PMCID: PMC1565823  PMID: 10077230

Introduction

Endothelin (ET) is a potent vasoconstrictor peptide that is generated via unique processing of a low activity precursor, big ET-1 by endothelin converting enzymes (ECEs). ET has a physiological role in the maintenance of basal tone in humans (Haynes & Webb, 1994; Haynes, 1995; Haynes et al., 1995), but may also have a role in the pathophysiology of cardiovascular diseases, including atherosclerosis, coronary vasospasm and congestive heart disease (Kurihara et al., 1989; Bacon et al., 1996; Cohn, 1996). The ET system is therefore a potential therapeutic target in the effective management of these diseases.
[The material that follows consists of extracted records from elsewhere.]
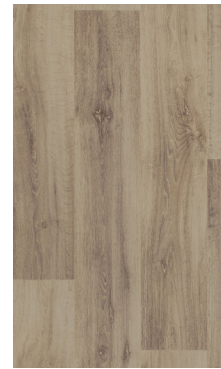
LIME OAK 669M SADDLE 60000121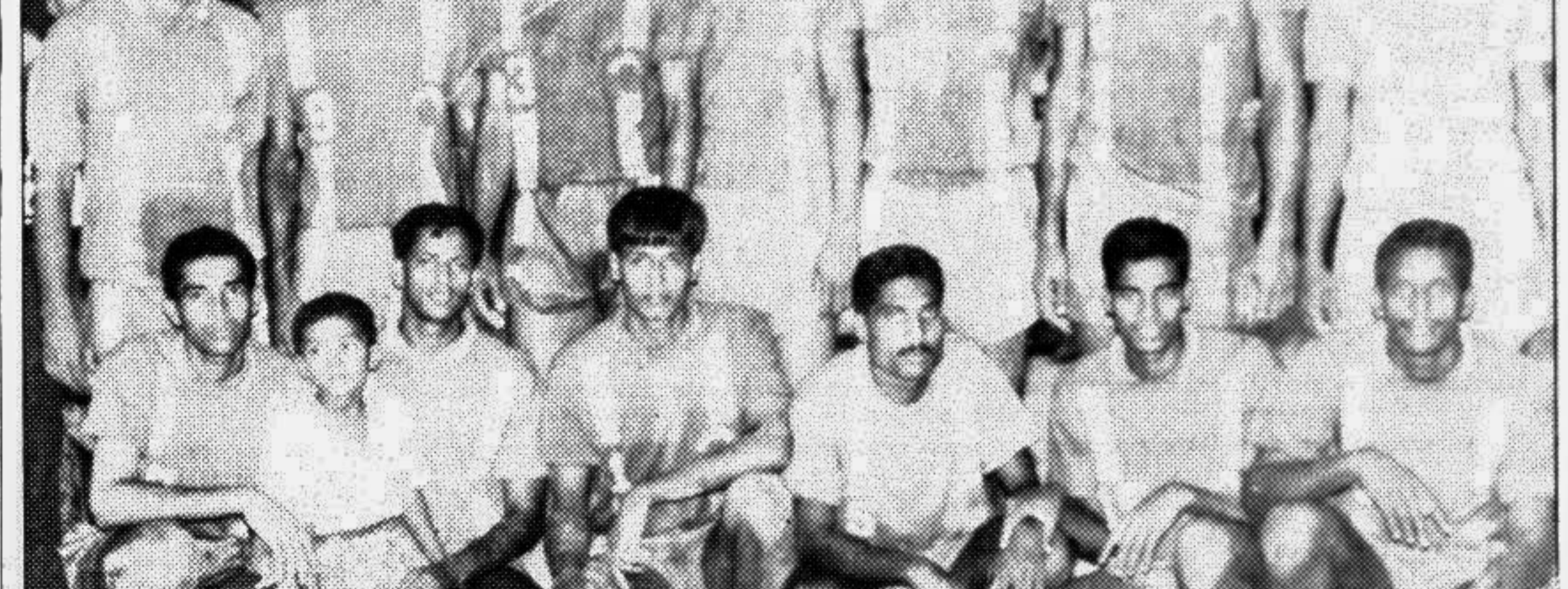
The members of the victorious BDR team, who won the National Bank Premier Division volleyball league title defeating Titas Club by 3-1 sets at the court adjacent to the Dhaka Stadium yesterday. This is for the third consecutive occasion BDR won the coveted title.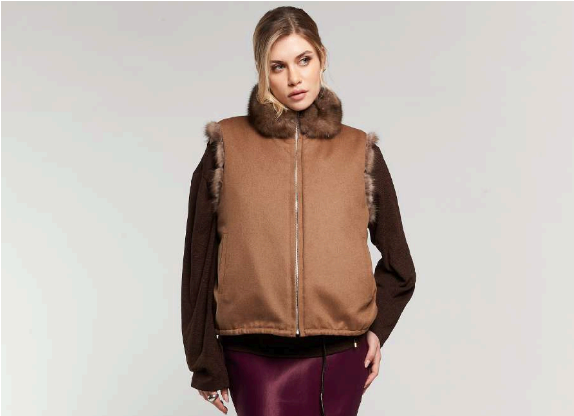
Lavender Russian Sable vest Horizontal motif Reversible in cashmere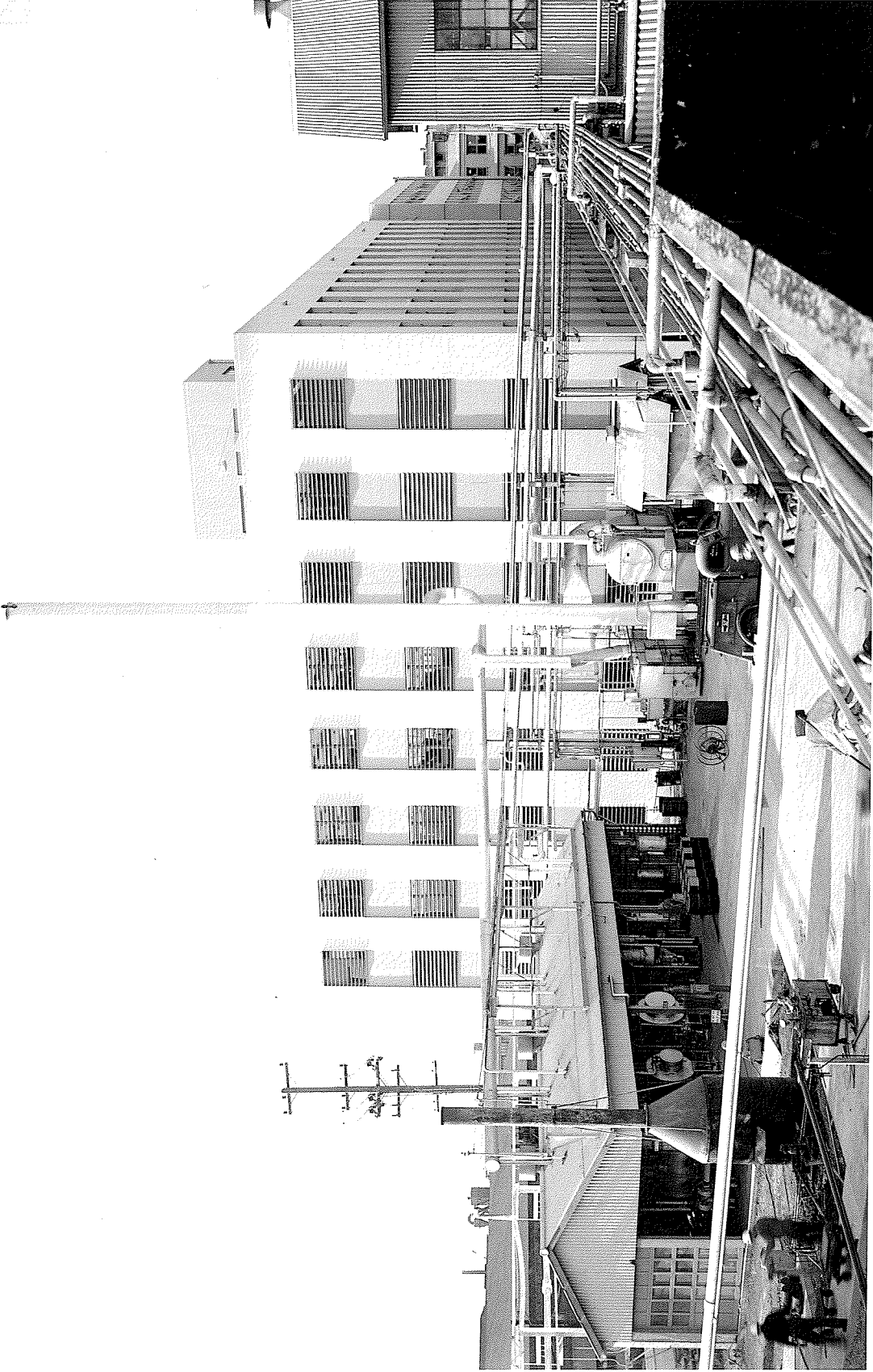
OFFICE BUILDING, EMERYVILLE, CAL. SHELL DEVELOPMENT. JEDY A. LIBBIN & CO., ARCHT.

There are two current strategies being pursued to attenuate adverse haemodynamic effects and the migration and proliferation of vascular smooth muscle cells by ET. These include the use of antagonists to receptors that mediate responses to ET and the use of selective inhibitors to ECE. The pathways involved in big ET-1 processing and ET transport are only now being elucidated and these findings will be useful in predicting the characteristics of inhibitors that best suit inhibition of ECE. It will be important to determine whether ECE is expressed on the cell surface and/or intracellularly to decide whether inhibitors are required to penetrate the plasma membrane. This article reviews the secretory pathways involved in ET transport and the subcellular processing of big ET-1 by ECE.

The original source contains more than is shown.